Capital and Coast DHB served a population of 303,987 at the 2018 New Zealand census, an increase of 20,280 people (7.1%) since the 2013 census, and an increase of 37,326 people (14.0%) since the 2006 census. There were 110,802 households. There were 147,432 males and 156,552 females, giving a sex ratio of 0.94 males per female. The median age was 35.9 years (compared with 37.4 years nationally), with 53,937 people (17.7%) aged under 15 years, 72,198 (23.8%) aged 15 to 29, 138,153 (45.4%) aged 30 to 64, and 39,699 (13.1%) aged 65 or older.

Ethnicities were 74.1% European/Pākehā, 11.6% Māori, 8.7% Pacific peoples, 14.5% Asian, and 3.8% other ethnicities. People may identify with more than one ethnicity.

The percentage of people born overseas was 30.4, compared with 27.1% nationally.

Although some people objected to giving their religion, 51.4% had no religion, 34.3% were Christian, 2.8% were Hindu, 1.3% were Muslim, 1.4% were Buddhist and 3.1% had other religions.

Of those at least 15 years old, 93,435 (37.4%) people had a bachelor or higher degree, and 25,650 (10.3%) people had no formal qualifications. The median income was $38,400, compared with $31,800 nationally. 64,548 people (25.8%) earned over $70,000 compared to 17.2% nationally. The employment status of those at least 15 was that 134,694 (53.9%) people were employed full-time, 35,751 (14.3%) were part-time, and 11,379 (4.6%) were unemployed.
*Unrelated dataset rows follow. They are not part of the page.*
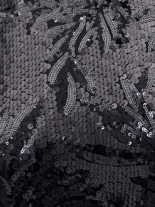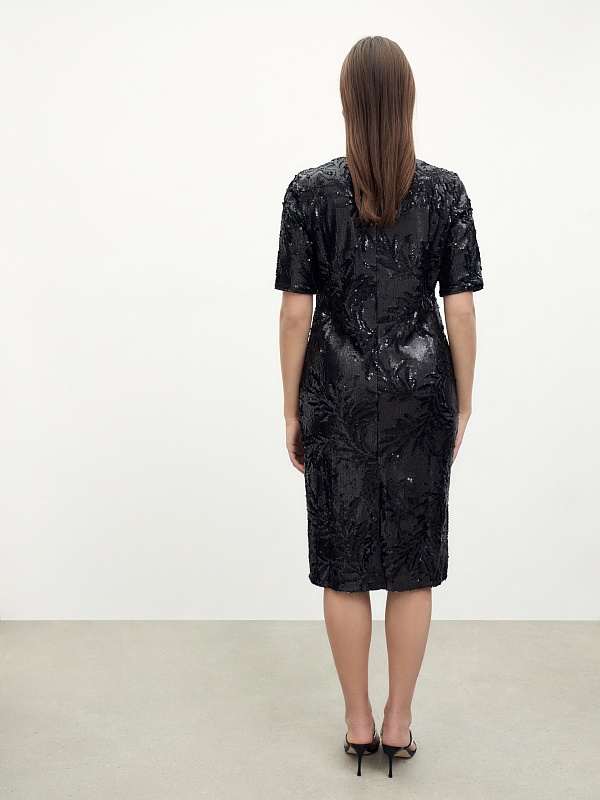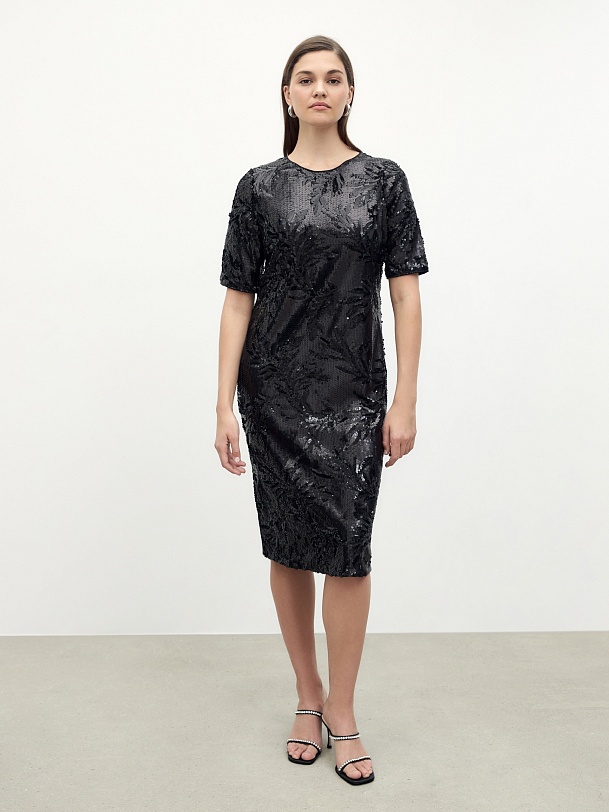 Элегантное платье миди из чёрных пайеток, выложенных растительным орнаментом. Длина рукава - выше локтя, сзади для удобства движения разрез. Это платье миди идеально подходит для любого торжественного мероприятия: от свадьбы и выпускного вечера до коктейльных вечеринок.
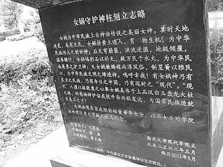 雕塑下方的碑文是关于“雅典娜”的介绍,同时附带了校方的说明:“雅典娜面相采自我院创始董事郭女士,以示郭女士对学院征地建设重大贡献之永久纪念。”不远处的“女娲”雕塑的面相采自创始董事李女士。两座雕塑的创意撰文人同为刘家全,他是西北大学现代学院院长。
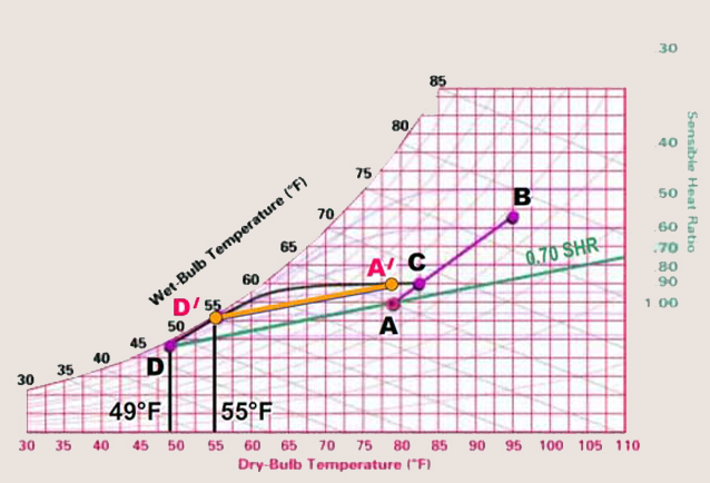 اگر بر روی نمودار سایکومتریک نقطهی شرایط طرح داخل (دمای خشک و رطوبت نسبی مطلوب محیط) مشخص شود و از آن نقطه خطی به سمت شرایط هوای خروجی از کویل سرمایی رسم کنیم، شیب این خط نشاندهندهی مقدار SHR خواهد بود.

===Last board (2019–2022)===
Elections were held in October 2019 and seven members were elected, with an additional four members appointed by the Minister of Health. Ayesha Verrall was one of the elected members but she resigned when she was elected to parliament the following year.

| Member(s) | Affiliation (if any) |
|---|---|
| Sue Kedgley | Green |
| David Smol | None (appointed; chairperson) |
| Chris Kalderimis | Independent |
| Kathryn Adams | Independent |
| Roger Blakeley | Independent |
| 'Ana Coffey | Independent |
| Vanessa Simpson | Independent |
| Hamiora Bowkett | None (appointed) |
| Tristram Ingham | None (appointed) |
| Stacey Shortall | None (appointed) |
| Brendan Boyle | None (appointed) |

==Hospitals==

===Wellington Hospital campus===

- Wellington Regional Hospital in Newtown, Wellington is the DHB's main public hospital, with 484 beds and provides children's health, maternity, surgical and medical services.
- Wellington Hospital Mental Health Services is an on-campus public mental health facility with 29 beds.
- Mary Potter Hospice is a private hospice with 22 beds, which provides medical services.

===Kenepuru Community Hospital campus===

- Kenepuru Community Hospital in Kenepuru, Porirua, is a public hospital with 131 beds, which provides maternity, medical, mental health, surgical and psychogeriatric services.
- Porirua Hospital Campus Mental Health Services is an on-campus public mental health facility with 18 beds.

===Other hospitals===

- Wakefield Hospital in Newtown, Wellington, is a private hospital with 71 beds, which provides medical and surgical services.
- Bowen Hospital in Crofton Downs, Wellington, is a private hospital with 44 beds, which provides surgical and medical services.
- Southern Cross Hospital Wellington in Newtown, Wellington is a private hospital with 37 beds, which provides surgical services.
- Kapiti Health Centre in Paraparaumu, Kāpiti Coast is a public maternity hospital with two beds.